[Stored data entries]
* * * * * * *

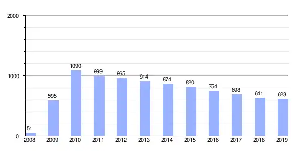 Deuda viva del Ayuntamiento de Canillas de Albaida en miles de Euros según datos del Ministerio de Hacienda y Ad. Públicas.[3]
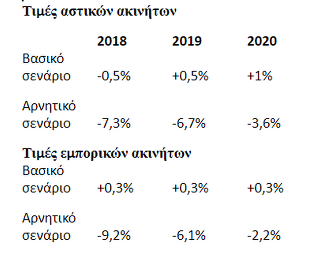 Για τις τιμές των εμπορικών ακινήτων το βασικό σενάριο προβλέπει ετήσια αύξηση 0,3% κάθε έτος, ενώ το δυσμενές προβλέπει βουτιά 9,2% το 2018, 6,1% το 2019 και 2,2% το 2020.
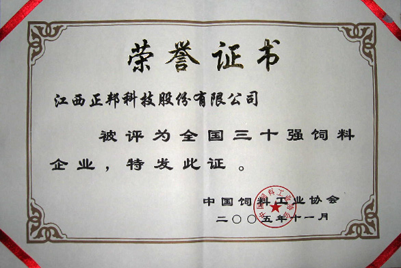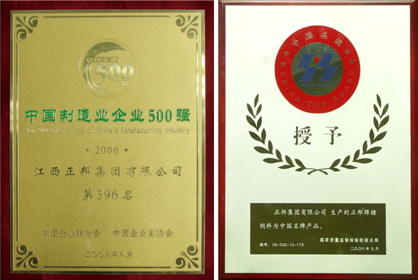中國制造企業(yè)500強(qiáng)第396名; 正邦豬飼料成為中國名牌產(chǎn)品; 江西省原種豬場有限公司成立,正邦種豬育種步入專業(yè)化運(yùn)營階段。
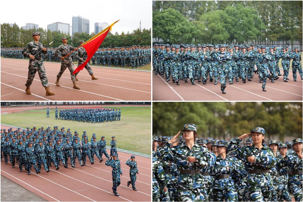 全体新生组成的方队口号嘹亮、气势如虹,步伐一致、整齐有力,以身作则践行着“求实、求精、求新”的校训。
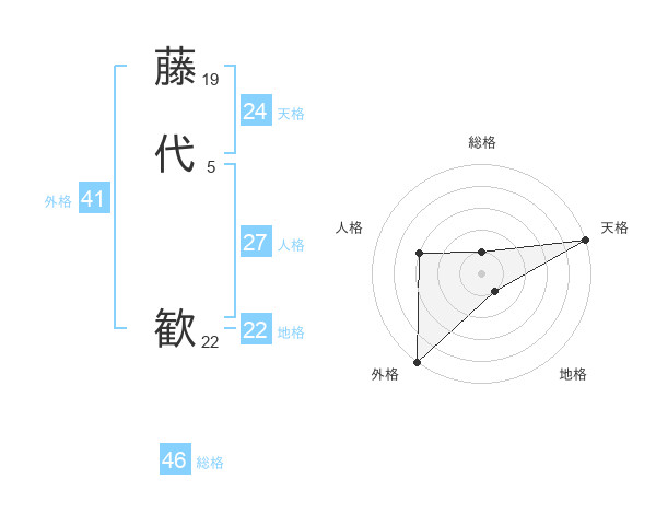 藤代 歓さんの天格は24画の5点!
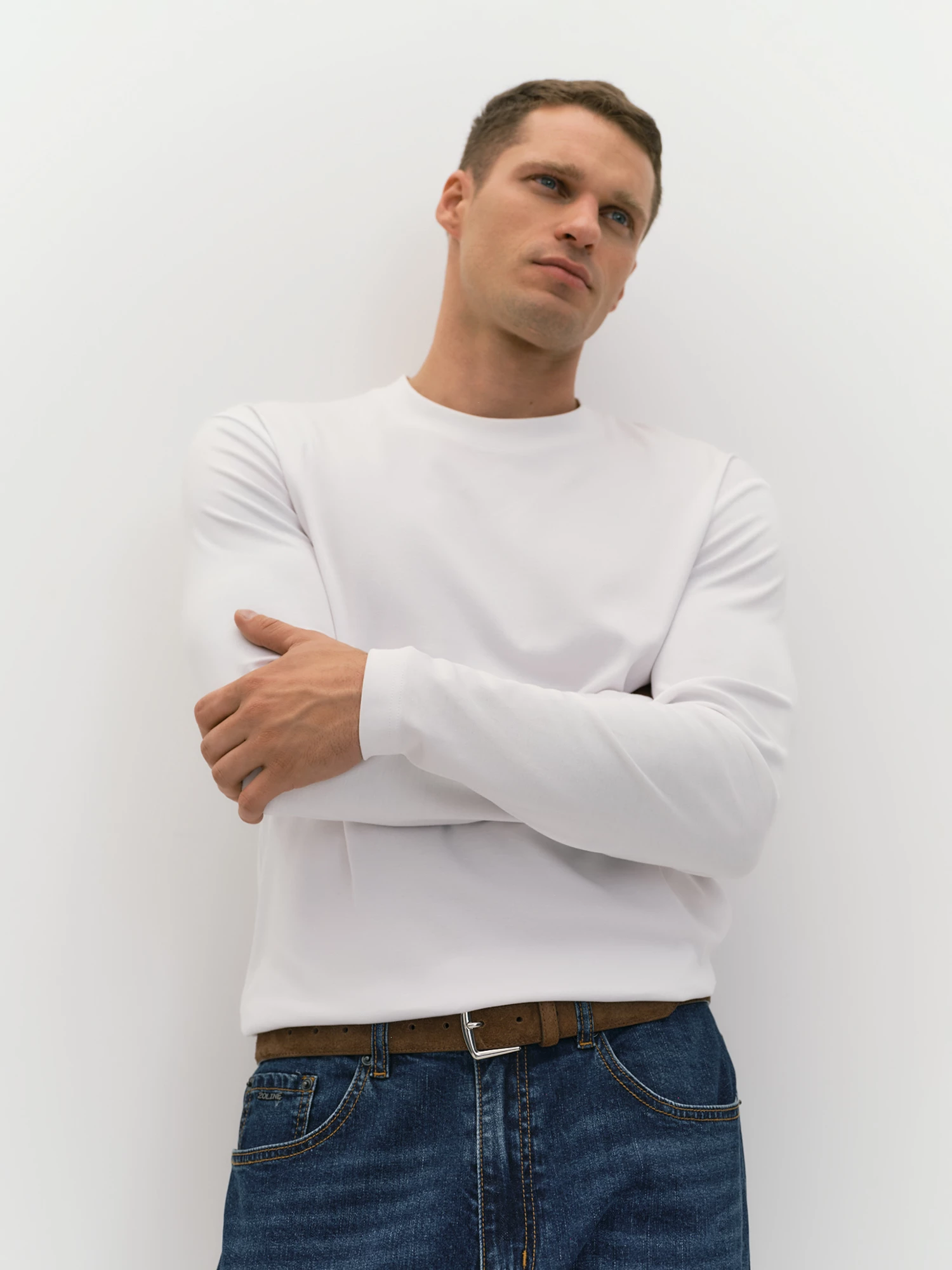 Джинсы-пятикарманники силуэта regular — это классическая модель стандартной средней ширины, идеальный выбор для повседневной носки и неформальных мероприятий. Джинсы выполнены из хлопкового денима с добавлением эластана. Хлопок обеспечивает натуральность, воздухопроницаемость и комфорт, а эластан придает ткани пластичность и формоустойчивость, улучшая посадку и обеспечивая свободу движений. Это делает джинсы удобными для повседневной носки и активного образа жизни. Светло-синий цвет джинсов универсален и освежает образ. Пять карманов добавляют функциональности, позволяя удобно хранить мелкие предметы. Брендированный патч на поясе и фирменная нашивка на маленьком кармане подчеркивают принадлежность к бренду и добавляют стильный акцент. Легкие потертости создают эффект винтажности, добавляют джинсам стиль и уникальность, создавая впечатление, что они имеют свою историю. Это придает образу легкость и неформальность, делая джинсы идеальными для создания расслабленных и модных луков. Такой деним — идеальное сочетание стиля, функциональности и комфорта.
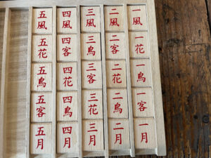 5種類のお茶を「風花鳥風月」に当てはめるお道具も風流ですね。
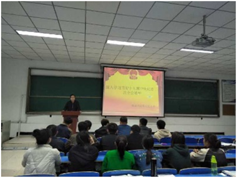 2018年4月13日下午,精诚书院第六党支部于问学楼302教室集中讨论学习贯彻十九届中央纪委二次全会精神,参与此次学习的有党支部书记姚志博同志及其全体党员和预备党员。
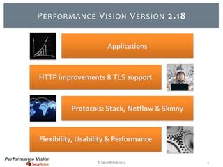 The document provides an overview of new features and improvements in Performance Vision version 2.18. Key updates include improved application definition and rules, protocol stack analysis showing layered protocols, support for Netflow v5 and Skinny protocols, enhanced HTTP analysis and filtering, and performance optimizations. Flexibility is increased through an enterprise licensing agreement allowing custom allocation of credits to licenses.

* * * * * * *

§ **TASK DETAILS**:
Produce the lines from the first line of the entries through the line that contains "藤代 歓さんの天格は24画の5点!", exactly, leaving the pictures behind.

§ **SOLUTION**:
 Deuda viva del Ayuntamiento de Canillas de Albaida en miles de Euros según datos del Ministerio de Hacienda y Ad. Públicas.[3]
 Για τις τιμές των εμπορικών ακινήτων το βασικό σενάριο προβλέπει ετήσια αύξηση 0,3% κάθε έτος, ενώ το δυσμενές προβλέπει βουτιά 9,2% το 2018, 6,1% το 2019 και 2,2% το 2020.
中國制造企業(yè)500強(qiáng)第396名; 正邦豬飼料成為中國名牌產(chǎn)品; 江西省原種豬場有限公司成立,正邦種豬育種步入專業(yè)化運(yùn)營階段。
 全体新生组成的方队口号嘹亮、气势如虹,步伐一致、整齐有力,以身作则践行着“求实、求精、求新”的校训。
 藤代 歓さんの天格は24画の5点!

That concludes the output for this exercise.